*** Block opens ***

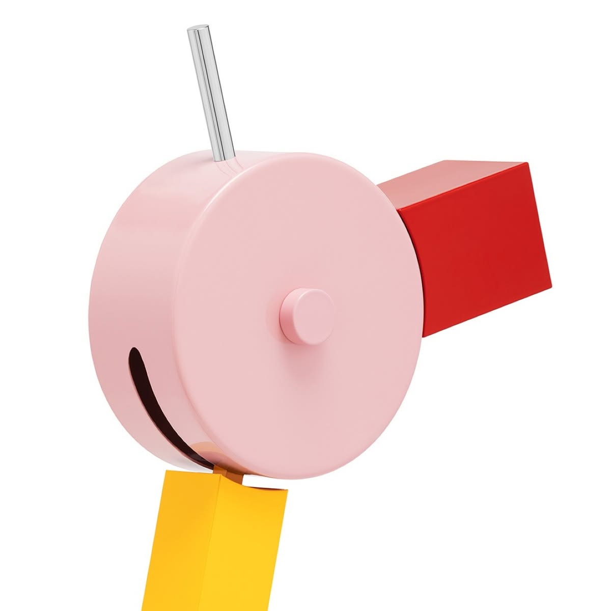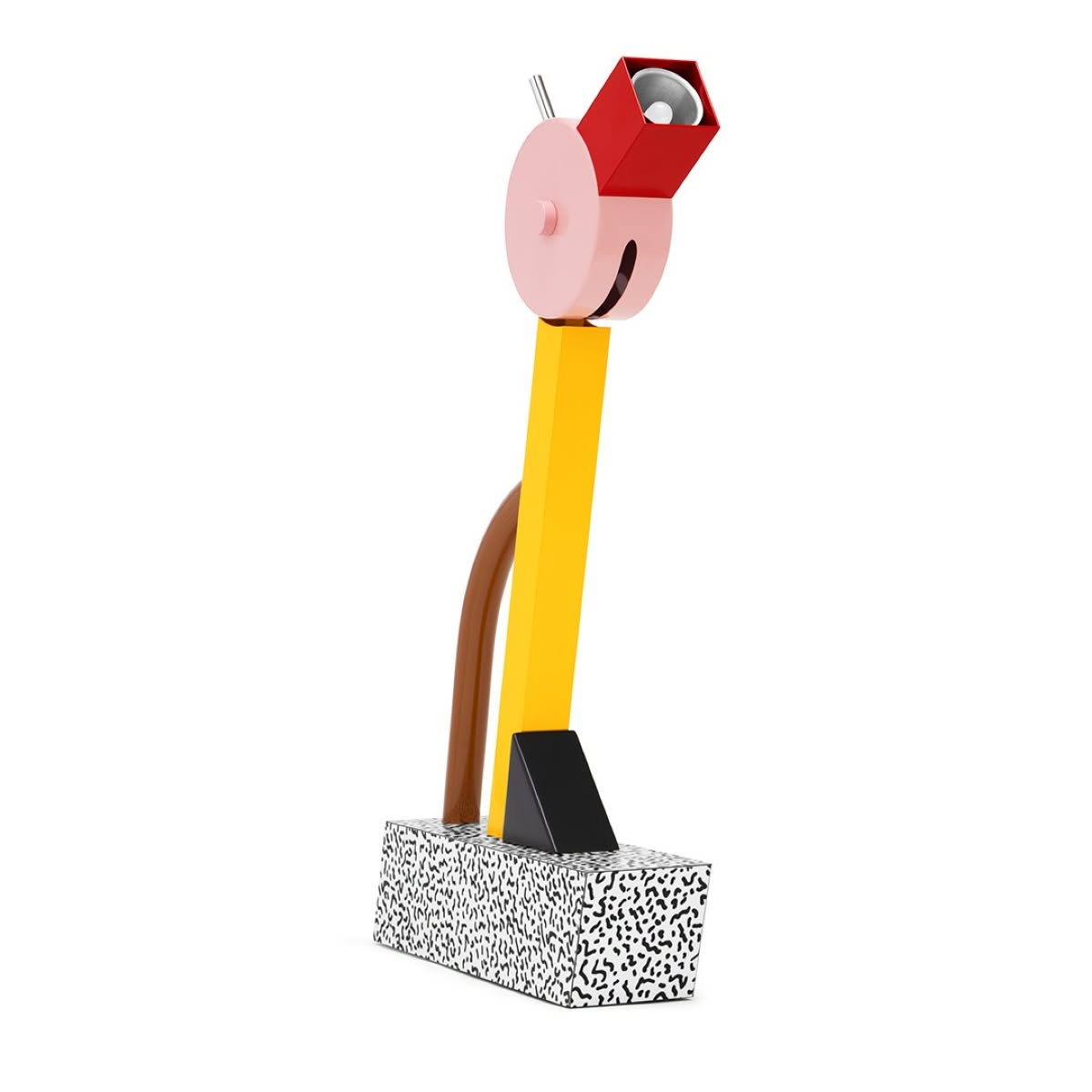 Memphis Milano Tahiti Lampada da tavolo di Ettore Sottsass è una lampada di design in metallo verniciato e laminato decorativo. Punto luce orientabile. Tahiti, capolavoro di Ettore Sottsass, è un’ironica lampada dalla forma zoomorfa che rimanda ai giochi dell’infanzia: nella testa si nasconde una lampada, ideale per illuminare un tavolo. La base con motivi del pattern Bacterio sostiene uno stelo giallo, evidenziato da un piede nero sul quale appoggia la “testa” rotonda rosa che ruota per dirigere la luce del becco rosso nella direzione desiderata.
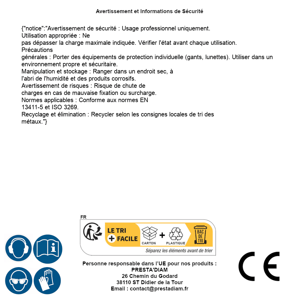 | Persona responsable UE | PRESTA'DIAM 26 Chemin du Godard 38110 ST Didier de la Tour Correo electrónico : contact@prestadiam.fr |
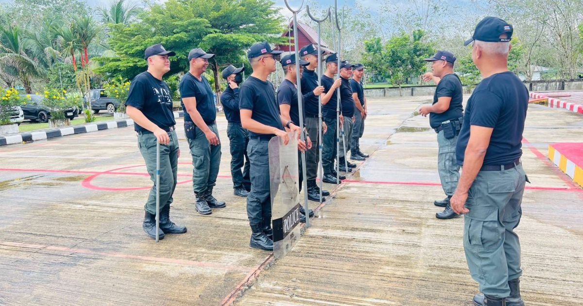 วันที่ 8 ต.ค.67 เวลา 14:30 น. ร.ต.อ.ยงยุธ บุญให้ รอง สวป.สภ.บูเก๊ะตา พร้อมด้วยข้าราชการตำรวจ สภ.บูเก๊ะตา ร่วมฝึกการใช้ไม้ง่ามระงับเหตุบุคคลคลุ้มคลั่ง ณ ลานฝึก สภ.บูเก๊ะตา โดยจำลองเหตุ กรณีได้รับแจ้งหรือพบบุคคลที่มีพฤติกรรมอันน่าจะเชื่อว่าบุคคลนั้นมีลักษณะผิดปกติทางจิต ซึ่งการสาธิตฝึกยุทธวิธีในครั้งนี้เพื่อให้เจ้าหน้าที่ที่เกี่ยวข้อง และชุดระงับเหตุ มีความเข้าใจในขั้นตอนยุทธวิธีในการปฏิบัติ เพื่อป้องกันไม่ให้เกิดข้อผิดพลาดขณะปฏิบัติหน้าที่ ทั้งนี้เพื่อสร้างความมั่นใจในความปลอดภัยในชีวิตและทรัพย์สินของประชาชน
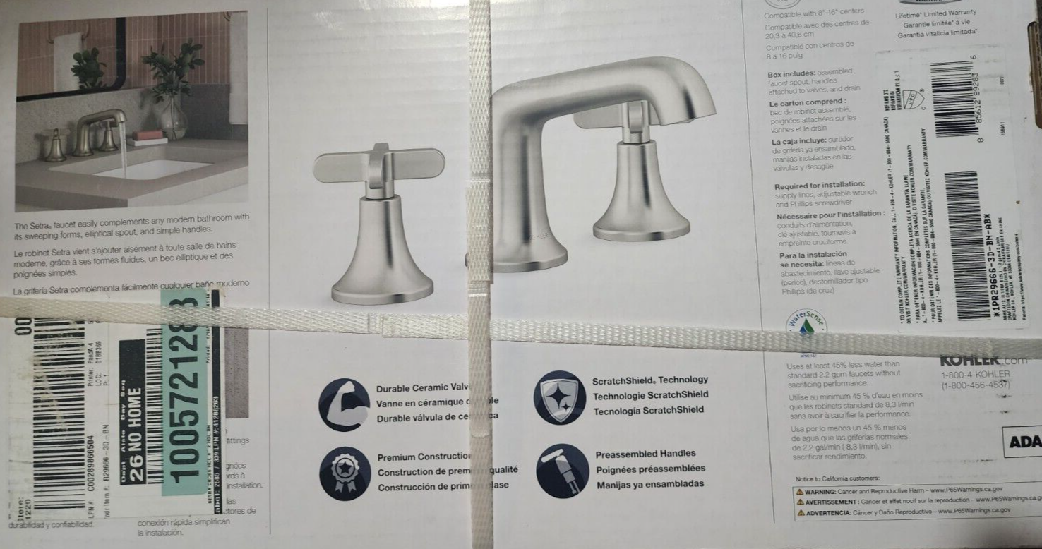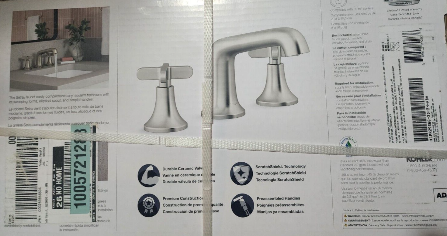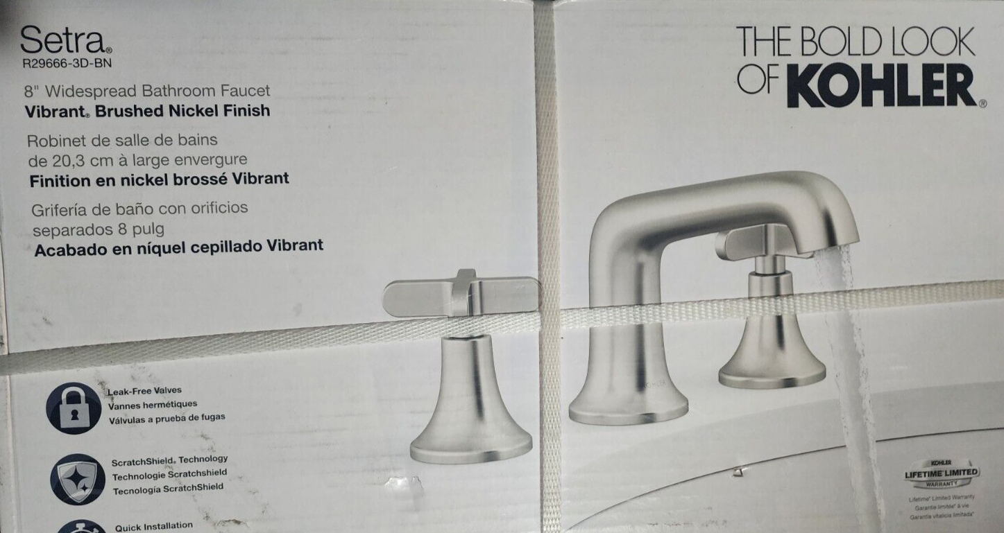 You are Buying a Brand New And Factory Sealed KOHLER Setra 8 in. Widespread 2-Handle Bathroom Faucet in Vibrant Brushed Nickel Model # K-R29666-3D-BN.... requires no special tools, Setra is easy to install. Partner your Setra bathroom sink faucet with other accessories in the Setra collection to create a stunning touch to your bathroom.
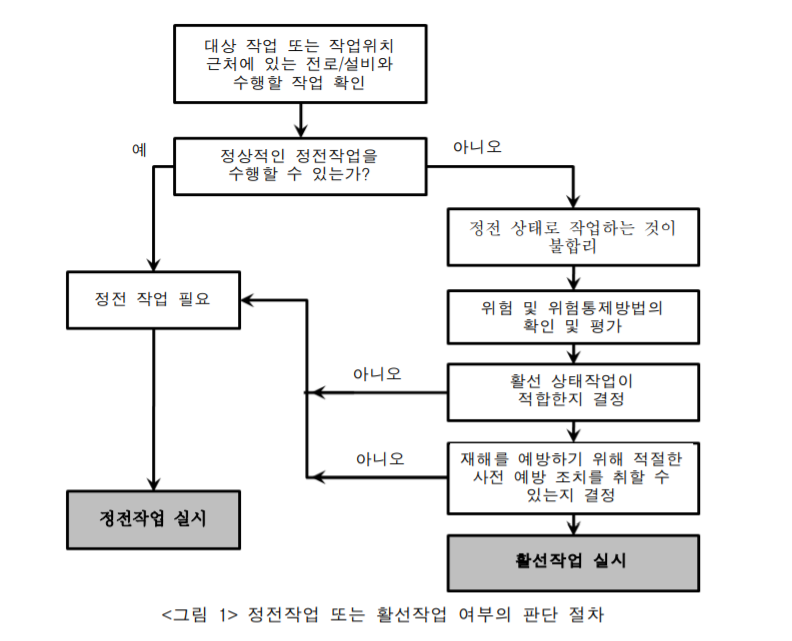 | 1. 적용범위 | 감전위험이 전기설비의 설치·해체·정비·점검 등의 작업을 하는 경우에 적용 |
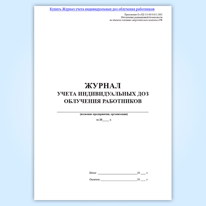Журнал учета индивидуальных доз облучения работников в Чите купить
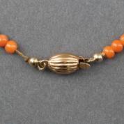 Bloedkoralen collier van kleine kralen met geribd 14kt gouden slot, brutogewicht 15,6 gram, lengte 87 cm
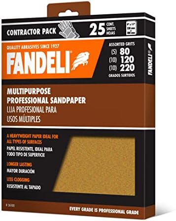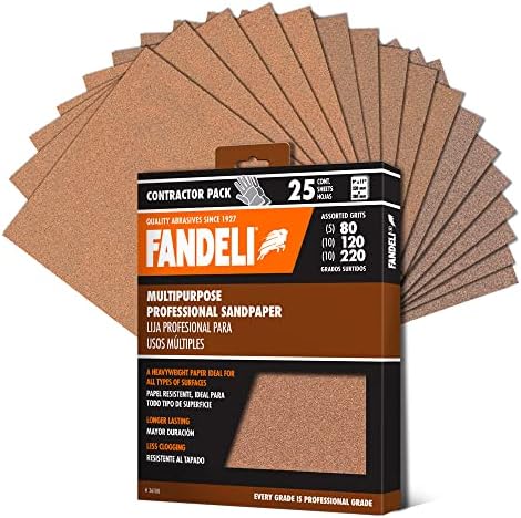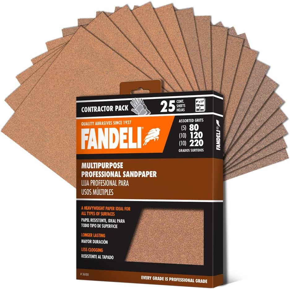 Fandeli | Multi-Purpose Sanding Paper | Assorted Grits (80,120,220) | 25 Sheets of 9” x 11” | Perfect for Sanding Metal and Sanding Wood | Hand Sanding | Orbital Sanders
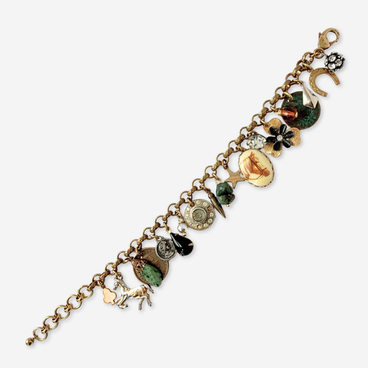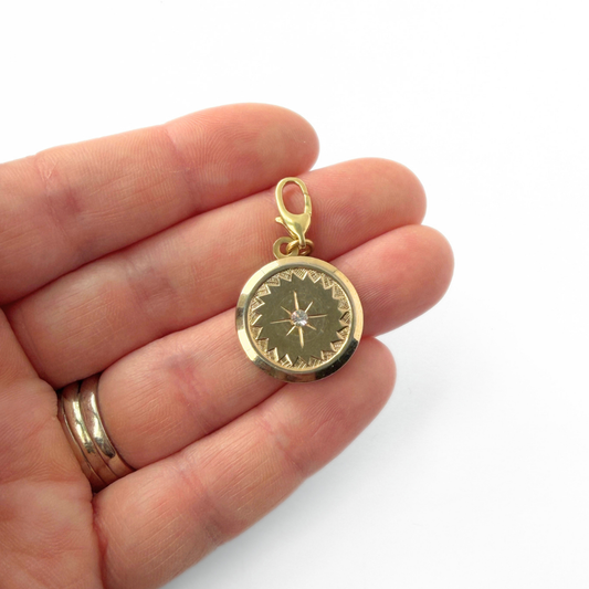 Vintage gold plated circular charm with rhinestone center

*** Block closes ***

__THE PROBLEM__
Every line from the top of the records above to the line with "electrónico : contact@prestadiam.fr |", inclusive, should be duplicated exactly, minus the pictures.

__SOLUTION TO THIS TASK__
 Memphis Milano Tahiti Lampada da tavolo di Ettore Sottsass è una lampada di design in metallo verniciato e laminato decorativo. Punto luce orientabile. Tahiti, capolavoro di Ettore Sottsass, è un’ironica lampada dalla forma zoomorfa che rimanda ai giochi dell’infanzia: nella testa si nasconde una lampada, ideale per illuminare un tavolo. La base con motivi del pattern Bacterio sostiene uno stelo giallo, evidenziato da un piede nero sul quale appoggia la “testa” rotonda rosa che ruota per dirigere la luce del becco rosso nella direzione desiderata.
 | Persona responsable UE | PRESTA'DIAM 26 Chemin du Godard 38110 ST Didier de la Tour Correo electrónico : contact@prestadiam.fr |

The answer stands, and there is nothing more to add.